Memorial artwork for gays and lesbians persecuted by the Nazis – So new there is very little online about this memorial unveiled in summer 2017. Located on Dult Street (Dultstrasse) at Oberanger street (Oberangerstrasse) across from the square where the Jewish Museum is, this memorial is subtle – just a row of colored inlaid paving stones along the street. A raid at a former gay bar at that corner marked the start of Nazi persecution. By Ulla von Brandenburg.
Where to eat in Munich
Hofbräuhaus – I suppose we must mention this sprawling tourist trap. Fun to walk through, maybe have a beer, but go elsewhere for your dose of pig knuckles Like the Ratskeller mentioned below, not far away.
Ratskeller (City Hall cellar) – Although in town center, this is the real deal, around since the 1900s with a vast network of quaintly Germanic rooms. You will find Bavarian little old ladies and business people here too. And you can get all the Bavarian food you want, including the infamous pig knuckles (Schweinshaxe).

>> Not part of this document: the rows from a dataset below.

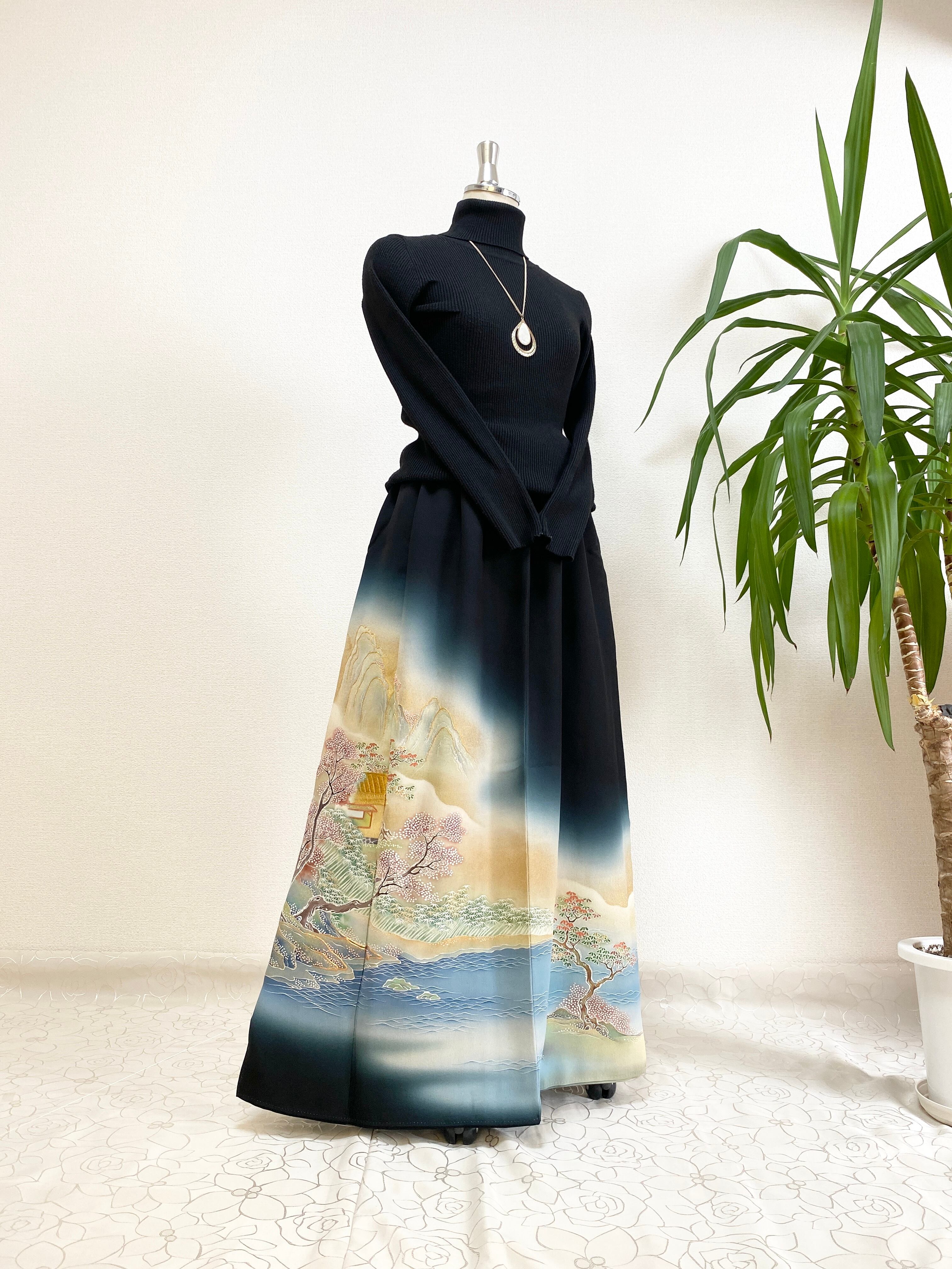 黒留袖着物リメイクウエストゴムロングドレススカートフリーサイズ【超ロング丈】
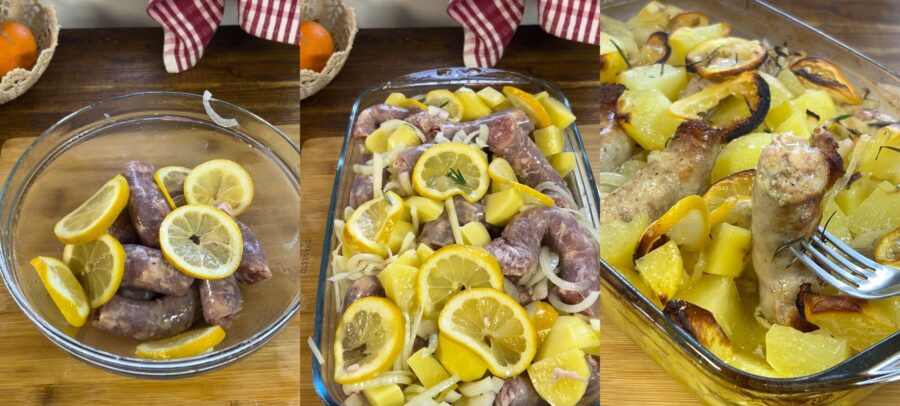 Oven-baked sausage with potatoes, onions and lemon, a delicious main course. Sausage can be cooked in a thousand ways and it is always delicious, breaded and fried in a pan, or in sauce on festive days, but also baked with potatoes or baked “alla boscaiola” or baked with potatoes and cardoncelli. In no time it solves dinner and makes everyone happy! A few days ago I wanted to try a slightly different and original recipe, so to the usual ingredients of oven-baked sausage with potatoes and onions I also added some lemon slices, obtaining a dish as simple as it is tasty!! Would you like to try it too? Then let’s go to the kitchen right away, I’m sure the oven-baked sausage with potatoes and onions, scented with lemon, will please you too, just as it pleased my family, who devoured it in no time!!
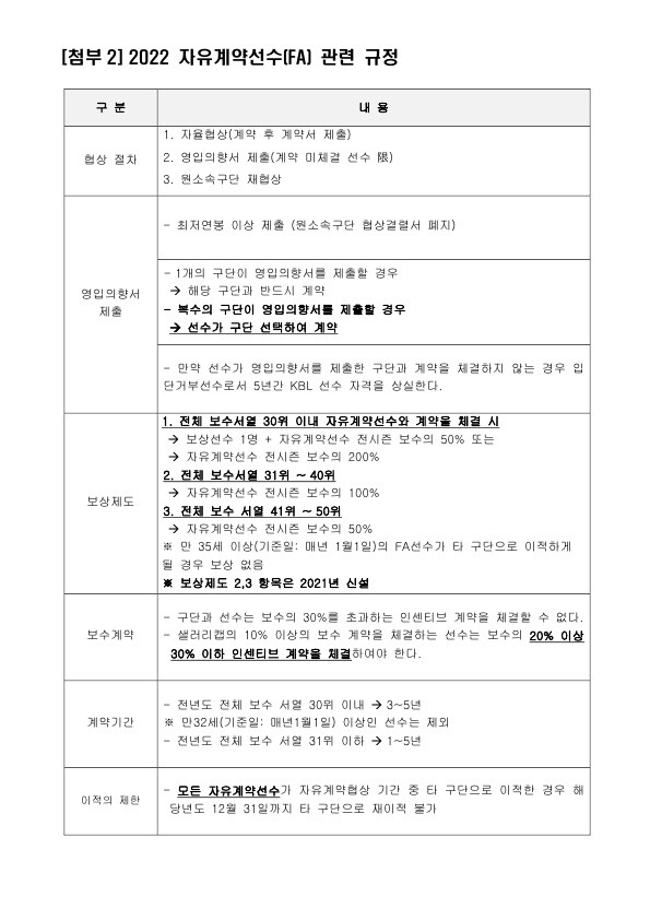 2022 KBL 자유계약선수(FA) 협상은 10개 구단과 선수 간의 자율협상으로 시작 된다. 자율협상 이후 계약 미 체결 선수를 대상으로 구단에서 영입의향서를 제출한다. 복수의 구단이 영입의향서를 제출할 경우 구단 제시 금액과 상관없이 선수가 구단을 선택할 수 있다. 반면 1개의 구단만 영입의향서를 제출할 경우 선수는 해당 구단과 반드시 계약해야 한다. 이 때 영입의향서를 받지 못한 선수들은 원 소속 구단과의 재협상을 진행한다.
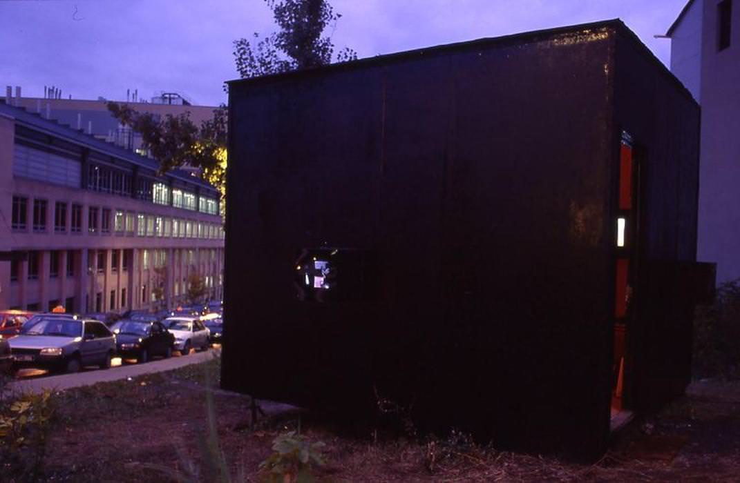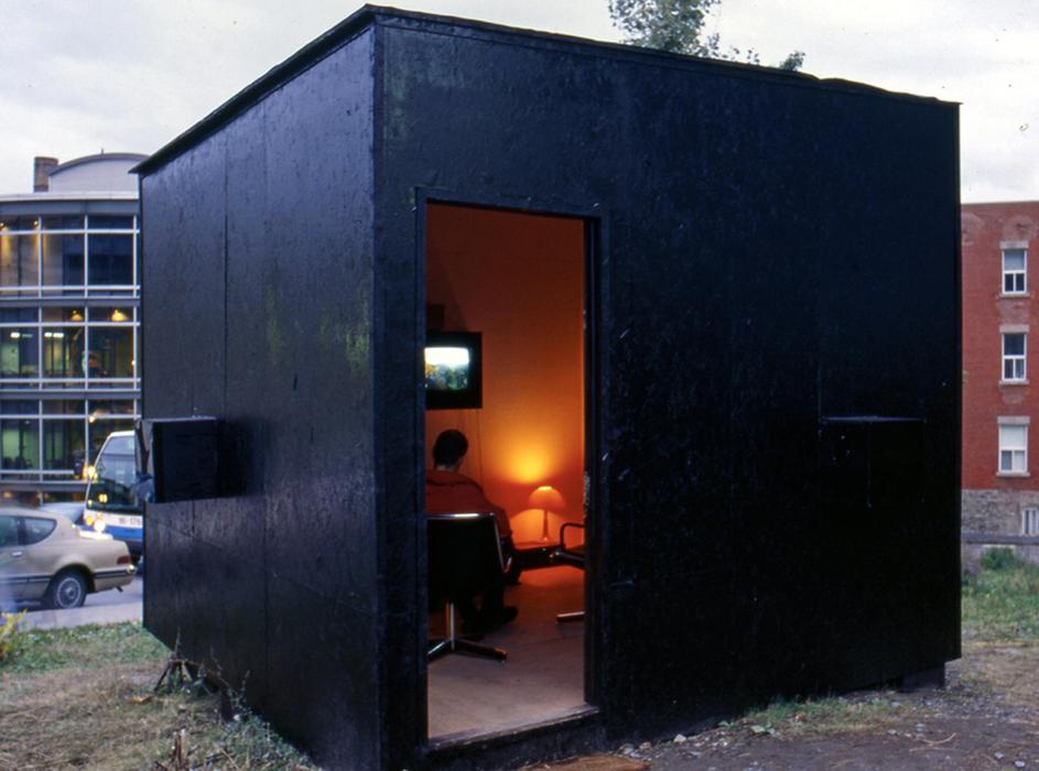 In this outdoor intervention, the room evoked by the title is a shed in a Montreal alley to which the artist had grafted video monitors.
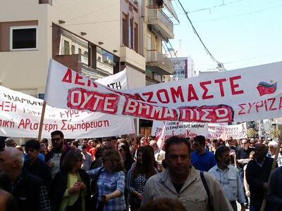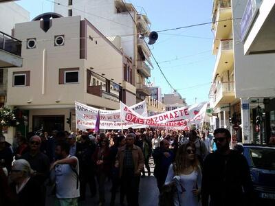 «Αυτή η Πρωτομαγιά δεν είναι μια ακόμα διαδήλωση. Δηλώνουμε την αγωνιστική ετοιμότητά μας, την απόφασή μας να υπερασπίσουμε το μέλλον το δικό μας και των παιδιών μας. Οι εργαζόμενοι δεν θα υποδεχτούν με αδράνεια, φόβο και υποχώρηση τα νέα μνημόνια όπως και να τα ονομάσουν, τα νέα δεινά στη ζωή τους για τα κέρδη των μονοπωλίων.
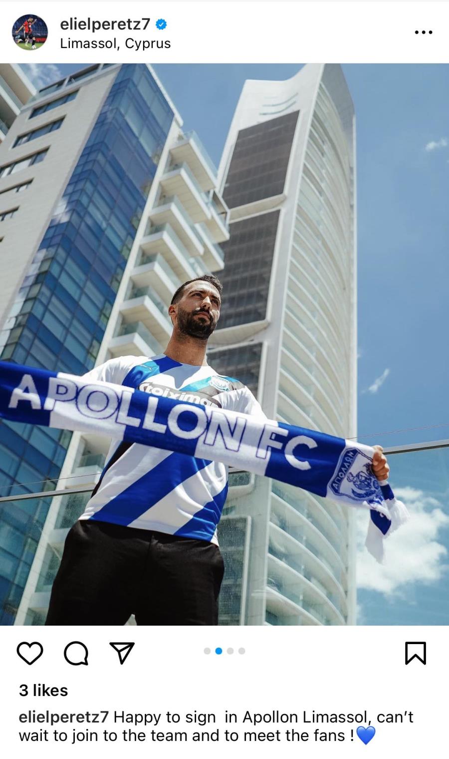 «Είμαι χαρούμενος που υπέγραψα στον Απόλλωνα Λεμεσού, ανυπομονώ να ενταχθώ στην ομάδα και να γνωρίσω τους οπαδούς μας».
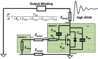 圖7解釋了讓柵極驅(qū)動器靠近功率MOSFET為什么如此有用。柵極驅(qū)動器的非零輸出阻抗ZDRV必須通過寄生阻抗Zstray1和Zstray2,以及柵極阻抗Rg來控制MOSFET,尤其是關(guān)斷。這時,漏極上的高dV/dt加上柵極路徑上的高阻抗,可能引起MOSFET的寄生導(dǎo)通。而利用極短的連線和功能強(qiáng)大的柵極驅(qū)動器,幾乎可以實現(xiàn)完美的開關(guān)。
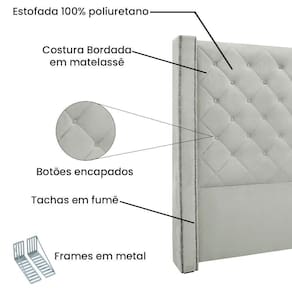 A cabeceira Vicenza nos traz o estilo neoclássico, o deslumbre imperial do conforto e beleza. Visual moderno e sofisticado com o tamanho perfeito para o seu quarto. produzida com materiais de primeira linha, botões forrados no tecido com costura bordada que fazem dela uma obra de arte no seu quarto.
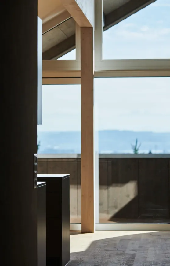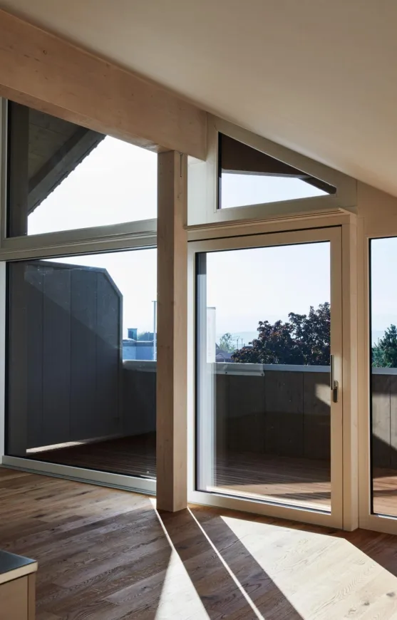 Besonders hervorzuheben sind die Dachwohnungen, die mit ihrer grosszügigen Gestaltung und lichtdurchfluteten Räumen hervorstechen. Von hier aus geniessen die Bewohnerinnen und Bewohner einen atemberaubenden Blick über das malerische Dorf und können bei sonnigem Wetter auch den Murtensee hinter dem Mont Vully erkennen. Die Kombination aus elegantem Holzbau und grossen Fenstern schafft ein helles und einladendes Wohnambiente. Der endgegenkommende Balkon erweitert den Wohnraum ins Freie und lädt dazu ein, die idyllische Umgebung zu geniessen. In dieser Wohnung erleben die Bewohner und Bewohnerinnen ein Gefühl von Freiheit und Weite, das in ländlichen Regionen oft zu finden ist.
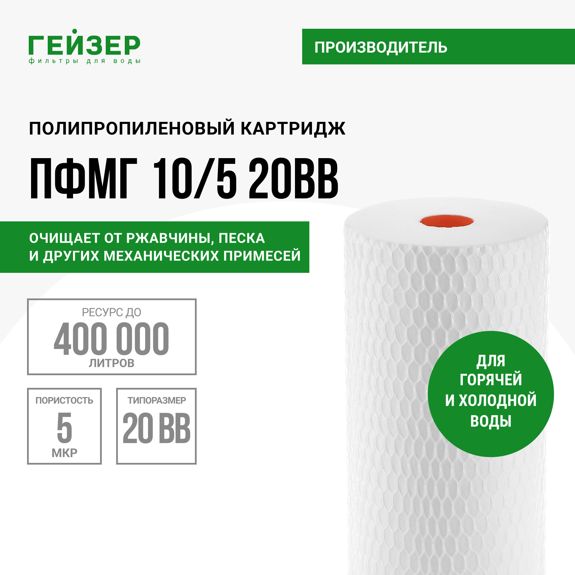 Картридж мех. очистки Гейзер пфмг 10/5-20BB, хол. и гор. вода, полипропилен, 10-5 мкм Гейзер
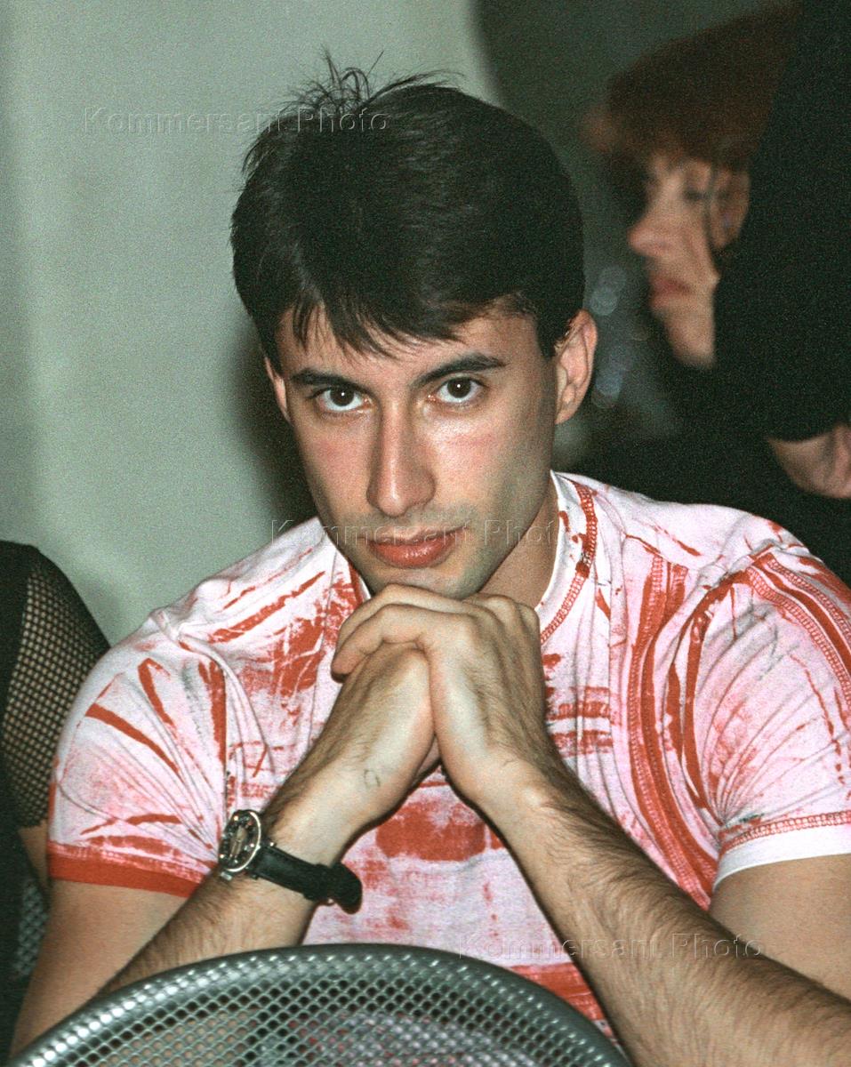 Vice president of Sibneft oil company Vladimir Ruga (left) bends over to look onto the Russian model Yekaterina Vitebskaya bosom during the celebration of the 3rd anniversary of the Fashion-TV representative office in Russia. The party was held in the Crocus City Mall.
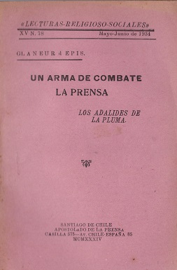 [número]  es un número de Lecturas Religioso-Sociales / Bernardo Gentilini (1911-1936) Año XV, N°78, 1934 - may.-jun. - Un arma de combate: la prensa. Los adalides de la pluma [texto impreso] / Glaneur D'Epis . - 1934. Idioma : Español (spa)
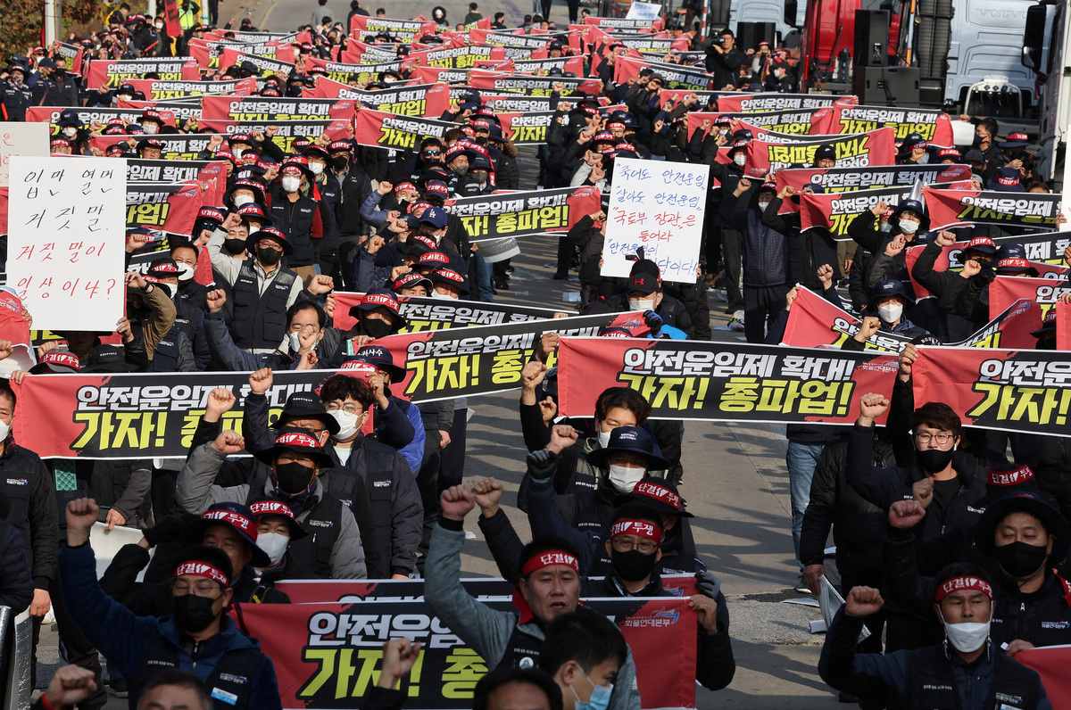 The law allows use of such an order to tackle a serious transport disruption, and failure to comply can lead to punishments such as cancellation of trucker licences and three years in jail, or a fine of up to 30 million won ($22,550).
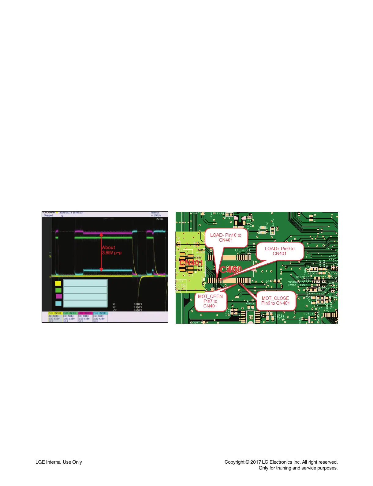 2) Check LOAD± from IC401 to CN401 for driving the tray open / close motor. It is about 3.85 Vp-p.
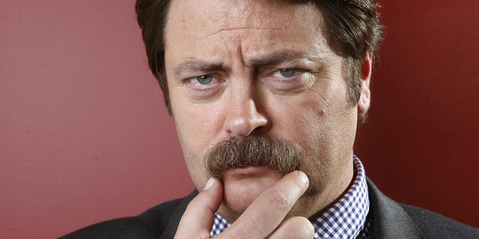 Offerman told The Believer that Ron Swanson’s signature ‘stache was a combined effort: five to six weeks to full grow out and maintenance by makeup artist Autumn Butler. The mustache became so popular that Offerman made headlines when shaving it off in 2015 to promote Me, Earl, and the Dying Girl.

The Schwabing / University area is a good place to wander and “fall into” someplace, offering many fast casual, but also international and trendy places. The Münchner Freiheit U3/U6 underground stop is in the heart.
Viktualianmarkt is a vast and eclectic collection part farmers market, part food stalls, part beer garden, part restaurant, part take-away, part bakeries and you-name-it related to food. It is right off the main square in central Munich and offers anything you may want from green smoothies to Wiener schnitzel to goodies like honey, fruit, wine and cheese. A local meeting place too, especially when the sun shines.
Pizzeria Grano is veritable hole-in-the-wall smack in city center but nestled into a side street that isn’t easy to find. Make reservations (for what some call the best pizza in town), go at off times, or be prepared to be turned away. Maybe 30 or 40 seats if you squeeze.
Café Riding School (Café Reitschule) sits on the edge of the English Garden and is a delightful place for any meal or great cake. Casual, well priced, and yummy. Choose a table at the windows overlooking the covered riding rink or on the terrace overlooking the stables and outdoor rink in nice weather.
Schneller Pastry Shop (Konditorei Schneller) – You can’t go wrong with cakes and coffees at great prices from Schneller in Schwabing. Cakes baked daily and change frequently. If they are out, they are out. If they have what you want, point at it, then grab a seat and get yummed out.